Se introduce en la artesa y al momento entra Ficzkó, un ser contrahecho, detestable. Si Jó Ilona y Dorkó son brutalmente feas, Ficzkó es un imbécil. Comienza a frotarla servilmente con un paño embebido en leche, sin otro propósito que servir a la Señora, en tanto ella despliega una sensualidad estática. Al concluir la ceremonia, Erzsébet se incorpora, dejando que Jó y Dorkó la sequen con unción, luego de volverlas a la vida pronunciando enérgicamente sus nombres. Ficzkó espera que salga del cubículo, vierte la leche en un balde y se la lleva.

Las sirvientas le ponen un espléndido vestido negro, mientras los cocineros amasan harina con la leche. Cuando la Condesa termina de maquillarse, frente al espejo, los cocineros han dado forma al postre y lo introducen en el horno.
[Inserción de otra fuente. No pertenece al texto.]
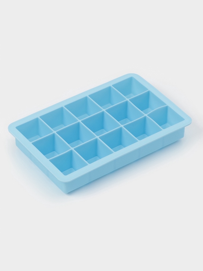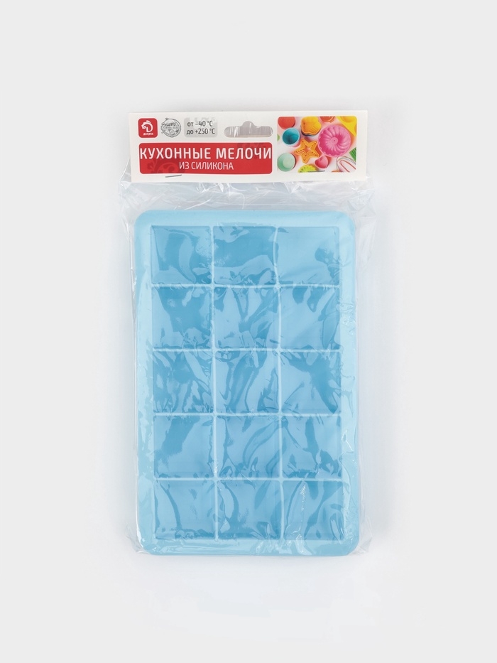 Форма для льда Доляна «Кубик», силикон, 11,7×18,7×3,4 см, 15 ячеек (3,4×3,4 см), цвет голубой

Por la noche, el castillo está iluminado a pleno. Los vigías comienzan a divisar trineos escalando la empinada cuesta, son los señores de los castillos cercanos. Poco a poco, el patio se llena de resoplantes caballos que hacen sonar sus cascos contra el adoquinado. En un momento distinguen al carruaje real y a su imponente custodia y dan aviso a la Condesa. Comienzan a sonar melodías interpretadas por la orquesta de zíngaros, cuyo salvajismo rasga el aire gélido.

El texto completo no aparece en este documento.